The song changed. Allaw was now singing a song about voices and wind. Their sound was raw, but there was potential there too.
“You cast suspicion on Cora to distract me from pressuring Josh.”
“Yes.”
“You insisted I go with you to see Mrs. Alworth. You wanted to see her reaction when she saw her grandchildren.”
“More cage shaking,” he agreed. “Did you see the look in her eyes when she saw Emma and Max?”
She had. She just hadn’t known what it meant or why she ended up living in a condo right on Jack’s route to work. Now, of course, she did. “And because you were forced to take a leave, you couldn’t use the FBI for surveillance. So you hired a private detective, the one who used Rocky Conwell. And you put that camera in our house. If you were going to shake the cage, you’d need to see how your suspect would react.”
“All true.”
She thought of the end result. “A lot of people died because of what you did.”
“I was investigating my sister’s murder. You can’t expect me to apologize for that.”
Blame, she thought again. So much of it to go around. “You could have told me.”
“No. No, Grace, I could never trust you.”
“You said our alliance was temporary.”
He looked at her. There was something dark there now. “That,” he said, “was a lie. We never had an alliance.”
She sat up and turned the music down.
“You don’t remember the massacre, do you, Grace?”
“That’s not uncommon,” she said. “It’s not amnesia or anything like that. I was hit so hard in the head I was in a coma.”
“Head trauma,” he said with a nod. “I know all about it. I’ve seen in it lots of cases. The Central Park jogger, for one. Most cases, like yours, you don’t even remember the days before it.”
“So?”
“So how did you get into the front pit that night?”
The question, coming out of nowhere like that, made her sit up. She searched his face for a give. There was none. “What?”
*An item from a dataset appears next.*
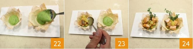 Assemble the baskets: place the baskets on a serving plate and fill with a spoonful of zucchini cream 22 (if you like, you can use a piping bag) and also add the salmon and potato cubes 23. For garnish, decorate the phyllo baskets with salmon and zucchini cream with sprigs of thyme 24.

“Ryan Vespa, well, his father scalped the ticket for four hundred bucks. The members of Allaw got them from Jimmy himself. The only way to get up there was to shell out a ton of dough or know someone.” He leaned forward. “How did you get into that front pit, Grace?”
“My boyfriend got tickets.”
“That would be Todd Woodcroft? The one who never visited you at the hospital?”
“Yes.”
“You sure about that? Because before you said you don’t remember.”
She opened her mouth and then closed it. He leaned closer.